You can also provide a configuration file at the interactive command to enable you to investigate the settings that are applied by that file, e.g.
athena --interactive="init" runargs.RAWtoALL.py
In principle interactive Athena can also be executed (as well as initialised) interactively, but this isn't a common workflow even amongst developers.
Command-line component accumulator configuration¶
Although production jobs run via job transforms can be modified by changing the Python source, it is sometimes extremely useful to be able to modify the configuration without touching the scripts in the release, especially if some kind of special production needs to be run on the grid.

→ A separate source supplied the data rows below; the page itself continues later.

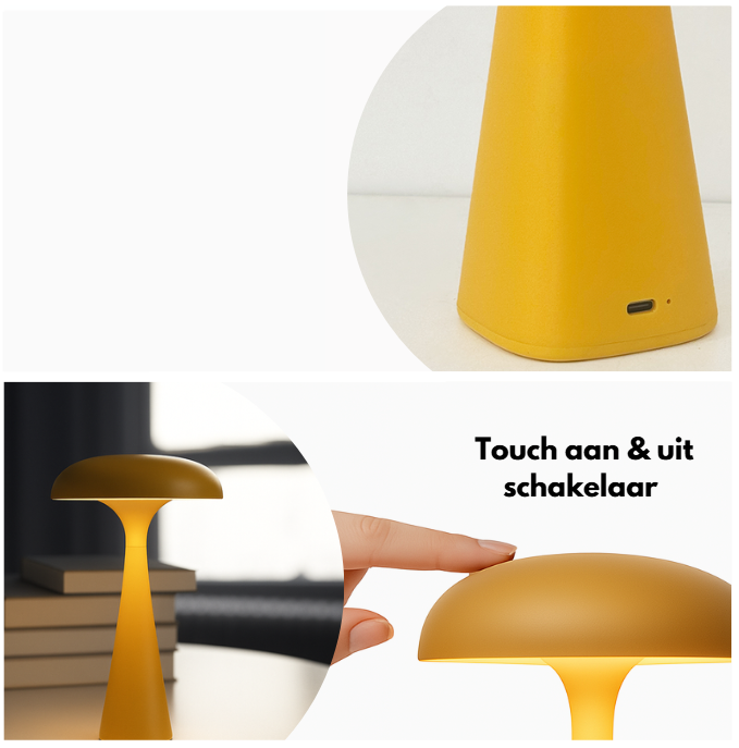 Onze oplaadbare Mushroom lamp voegt precies de juiste sfeer toe aan uw huis. Creëer een gezellig hoekje in uw woonkamer, slaapkamer, hal, op de eettafel, in de kast, op het nachtkastje of op een klein bijzettafeltje.
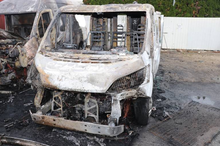 Nato je pristopil do tam parkiranega specialnega vozila policije, kjer je v notranjost odvrgel neznano eksplozivno sredstvo, kar je povzročilo eksplozijo in požar, v katerem so v celoti zagorela tri tovorna vozila, medtem ko sta bila osebno vozilo in tam postavljen ladijski kontejner močno poškodovana.
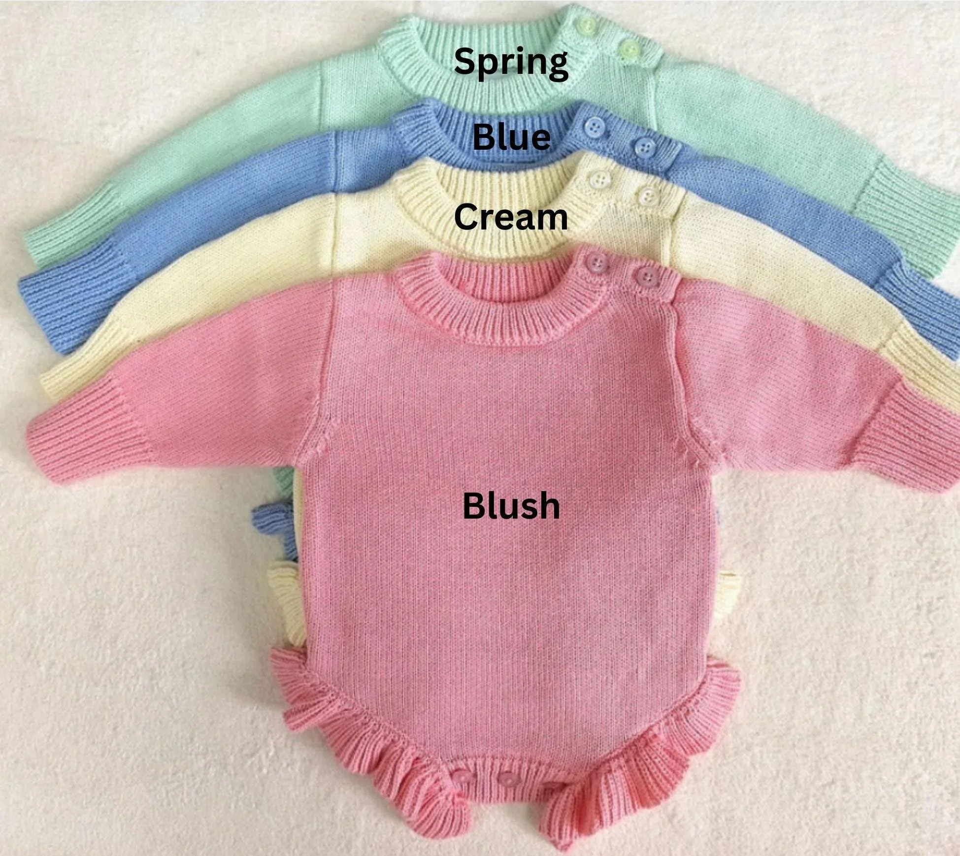 Personalized Easter Romper Christian Baby Easter Outfit Knit Baby Romper Monogram Cross Embroidery Heirloom Easter Outfit
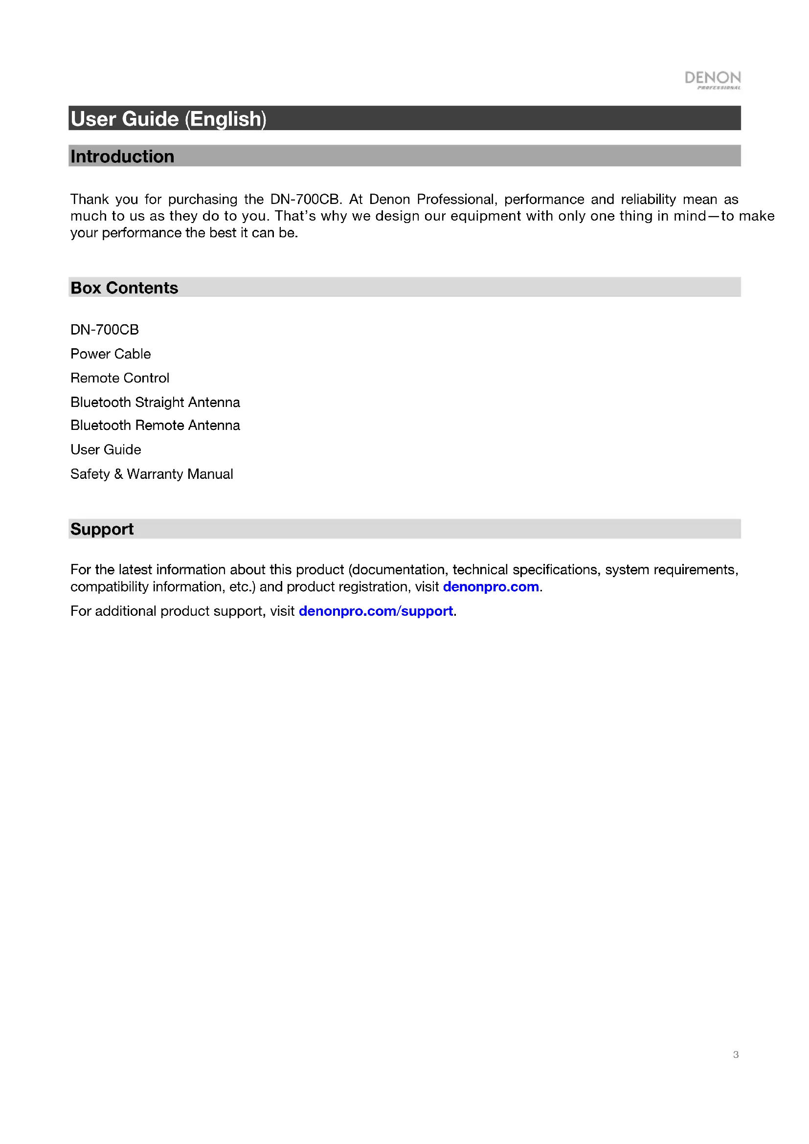 User Guide (English) Introduction Thank you for purchasing the DN-700CB. At Denon Professional, performance and reliability mean as much to us as they do to you. That’s why we design our equipment with only one thing in mind—to make your performance the best it can be.

In such cases one can "grab" the component accumulator and adjust the configuration in the postExec of the command - for example the following changes the output contents of a DAOD via the command line:
Derivation_tf.py --inputAODFile AOD.pool.root --outputDAODFile test.pool.root --maxEvents 1 --formats PHYS --postExec "cfg.getEventAlgo('StreamDAOD_PHYS').ItemList.extend(['xAOD::TruthParticleContainer#TruthParticles','xAOD::TruthParticleContainer#TruthVertices','xAOD::AuxContainerBase!#TruthParticlesAux.','xAOD::AuxContainerBase!#TruthVerticesAux.'])"
cfg is known to the job already, so to adjust the configuration one has to grab the relevant event processing algorithm (StreamDAOD_PHYS in this case) and then alter its properties as shown. A similar syntax can be applied to any of the methods of the component accumulator.